## Information shown:

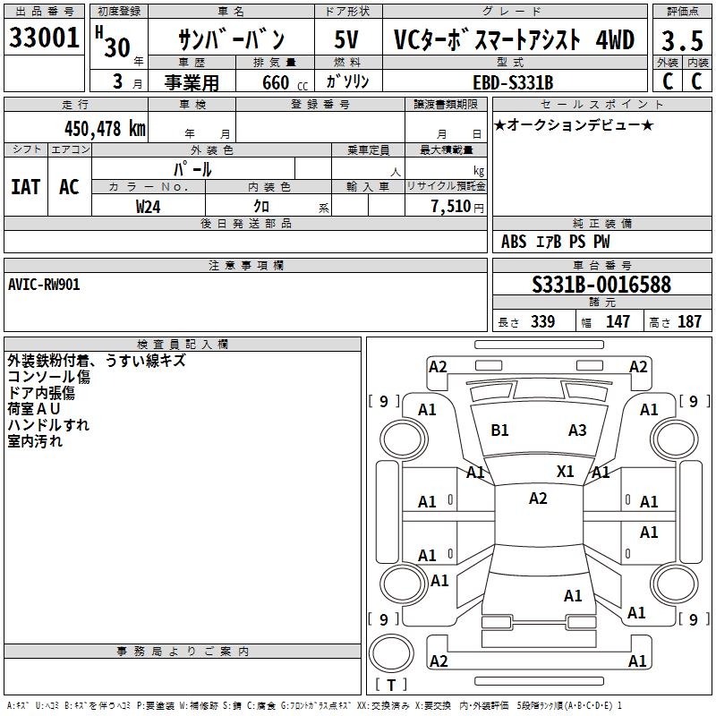 SUBARU SAMBAR VAN VC TURBO SMART ASSIST 4WD - лот 33001
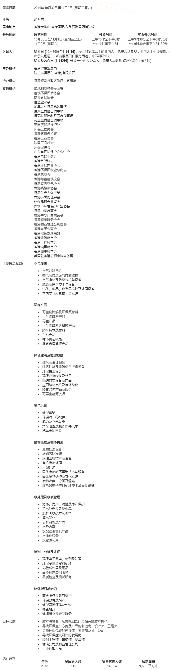 國際環(huán)保博覽是亞洲環(huán)保行業(yè)的優(yōu)質(zhì)商貿(mào)平臺,展示最新的環(huán)保產(chǎn)品、設(shè)備和先進(jìn)技術(shù)。博覽由香港特區(qū)政府環(huán)境局協(xié)辦,通過香港、中國內(nèi)地及國際政府部門和行業(yè)商會的鼎力支持,為環(huán)保行業(yè)提供企業(yè)對政府(B2G)和企業(yè)對企業(yè)(B2B)層面的商機(jī)。
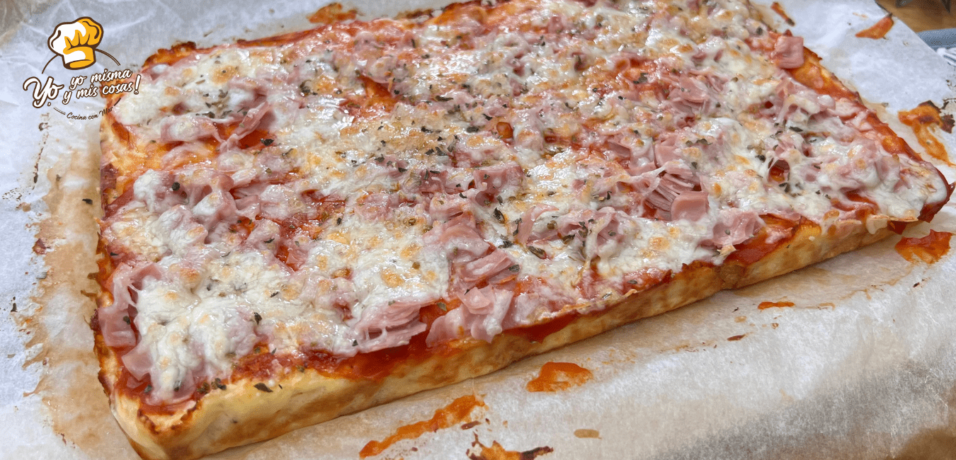 Cortamos el jamón cocido y lo añadimos. Echamos el resto de queso rallado y un poco de oregano.
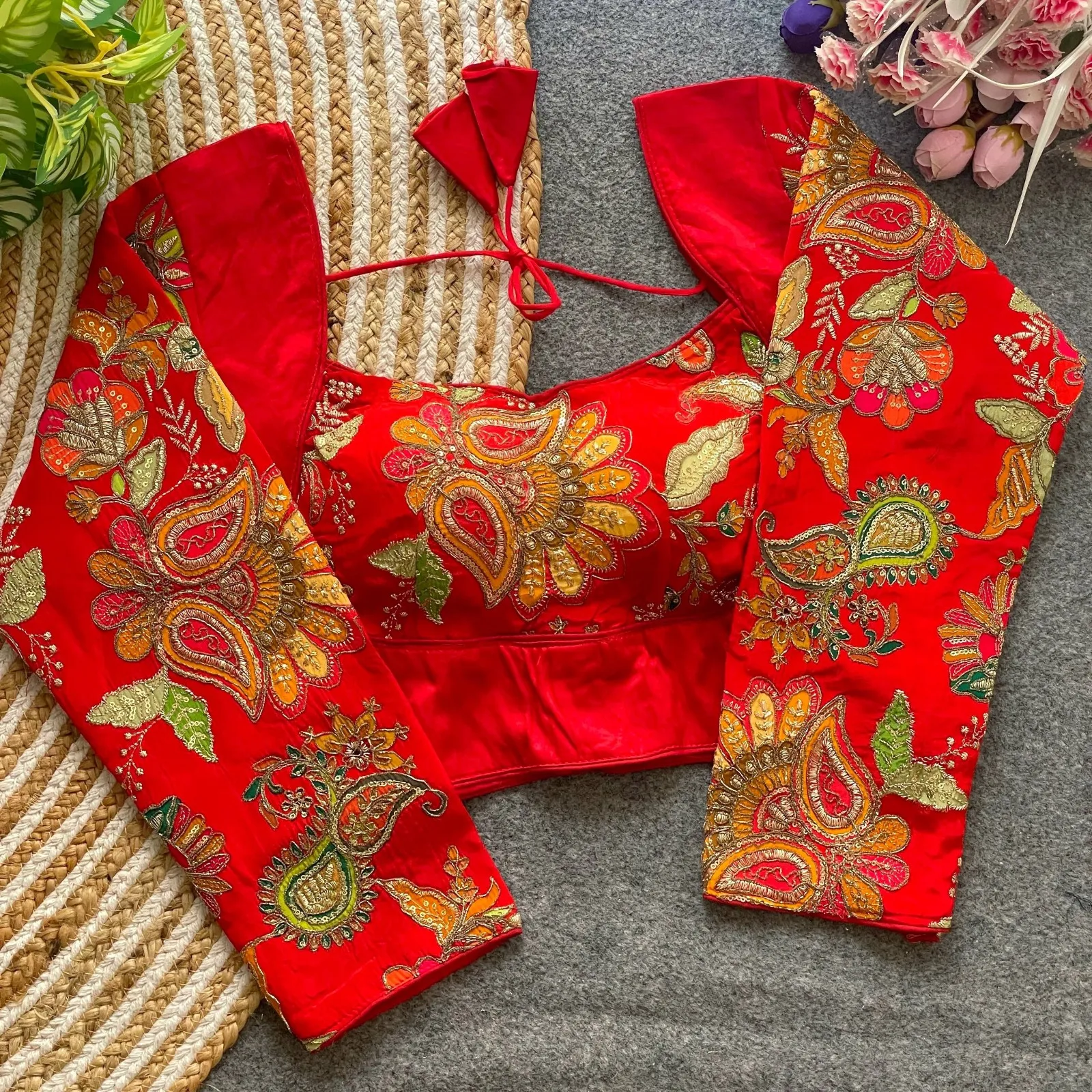 | Blouse | Gajji Silk & Pure Viscose Natural Creap, Work- Premium Position Print with Fancy Embroidery Touch, Sleeve- 20-inch Full Sleeve Included, Design Highlight- Stitched with Fancy Mumtaj Pattern with Premium Pattern Finishing, Back Style- Back Hook with Traditional Dori Closure, Size- Free Size (Ready 38â | Alterable 32â to 42â) |

## Exercise:
Lines from the one containing "國際環(huán)保博覽是亞" through the end of the listing, both included, are to be restated exactly, and pictures are to be left out.

## Finished task:
 國際環(huán)保博覽是亞洲環(huán)保行業(yè)的優(yōu)質(zhì)商貿(mào)平臺,展示最新的環(huán)保產(chǎn)品、設(shè)備和先進(jìn)技術(shù)。博覽由香港特區(qū)政府環(huán)境局協(xié)辦,通過香港、中國內(nèi)地及國際政府部門和行業(yè)商會的鼎力支持,為環(huán)保行業(yè)提供企業(yè)對政府(B2G)和企業(yè)對企業(yè)(B2B)層面的商機(jī)。
 Cortamos el jamón cocido y lo añadimos. Echamos el resto de queso rallado y un poco de oregano.
 | Blouse | Gajji Silk & Pure Viscose Natural Creap, Work- Premium Position Print with Fancy Embroidery Touch, Sleeve- 20-inch Full Sleeve Included, Design Highlight- Stitched with Fancy Mumtaj Pattern with Premium Pattern Finishing, Back Style- Back Hook with Traditional Dori Closure, Size- Free Size (Ready 38â | Alterable 32â to 42â) |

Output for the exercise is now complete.